Мичман достал из кармана новенький носовой платок, новогодний подарок неизвестной девочки по имени Варюша, отца которой убили немцы, бережно расправил и приложил к ране на щеке. С нежностью и сожалением подумал он о бедном, осиротевшем ребенке, просившем в письме «поскорей кончить фашиста, чтобы было поменьше сироток», и еще подумал о том, что у него, Ганичева, нет семьи и это печальное обстоятельство отрадно по настоящему времени; он закалился в одиночестве.
В этот момент пуля сразила сухопутного бойца Усова наповал. Он едва ли даже успел что–либо сообразить и понять. Удивительное и жуткое сияние мгновенно накатилось на лицо его откуда–то снизу, и засохшие пятна крови сразу почернели.
Косые лучи солнца, прорвавшись из–за тучи, осветили это лицо вечерним, сумеречным, точно отраженным, светом, придав ему выражение покоя и скорби. Старик Терентий всхлипнул. Мичман снял шапку застывшей рукой. Потом они молча, не проронив ни слова, приготовили могилу и похоронили Григория Усова. А уходя, Ганичев подобрал книгу, которую не успел дочитать Усов, и спрятал ее за пазуху.

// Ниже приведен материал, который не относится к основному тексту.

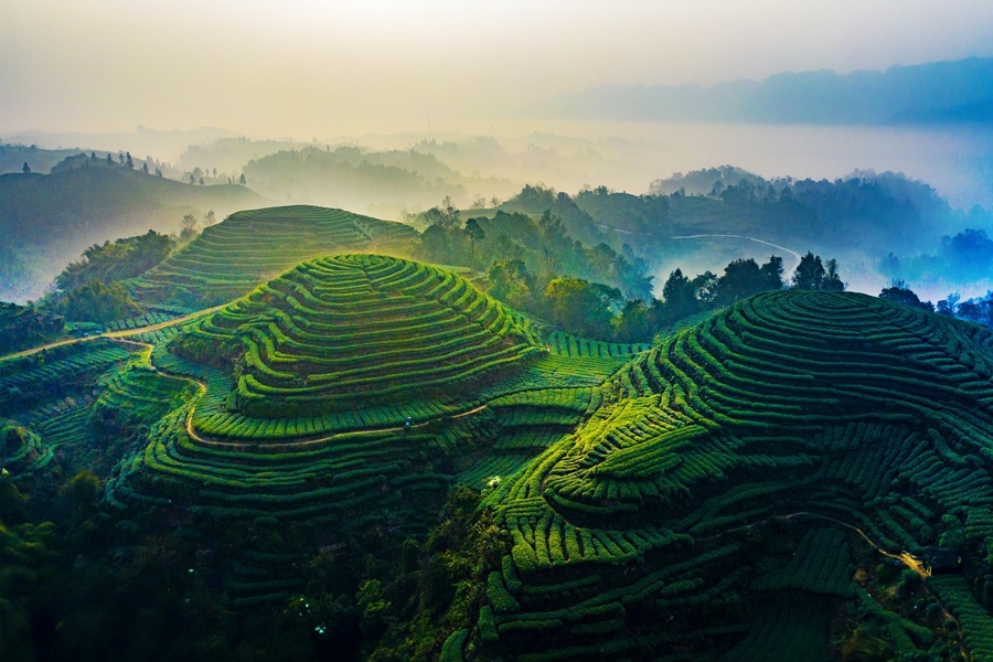 念好“優(yōu)、綠、特、強(qiáng)、新、實”六字經(jīng),大力培育川糧油、川菜、川茶等十大優(yōu)勢特色產(chǎn)業(yè),進(jìn)一步打響“川字號”品牌。圖為四川省雅安市名山茶園。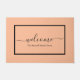 Elegante Begrüßungstür mit einem schwarzen Skript auf einem trendigen pfirsichfarbenen Hintergrund. Personalisieren Sie Ihre Daten mit Ihrem Familiennamen oder Text.

Они покинули артиллерийский дворик. Ганичев часто оглядывался. Он видел, как немцы в упор расстреливали мертвую пушку, как она в последний раз грозно вскинула жерло, как бы пытаясь отразить нападение, потом со скрежетом и лязгом повалилась набок.
— Пушки, отец, умирают, как люди! — сказал Тимофей Яковлевич и прослезился. Устыдясь своих слез, добавил сердито: — Слезы — дело бабье, глупость одна.
— Не говори, Тимофей Яковлевич! Слеза — она душу мягчит, — ответил старый Терентий с теплом и участием в голосе.
21. Они стояли насмерть
Близился вечер, когда батарейцы отступили и заняли новую круговую оборону на вершине горы. Отсюда отчетливо виден был Севастополь, весь в дыму, из которого нет–нет, да взрывались широкие полосы огня.
Заметно похолодало, кружились снежинки, толпясь и убегая от места разрывов. Не слышно было громкого голоса, не видно было улыбки, люди держались из последних сил.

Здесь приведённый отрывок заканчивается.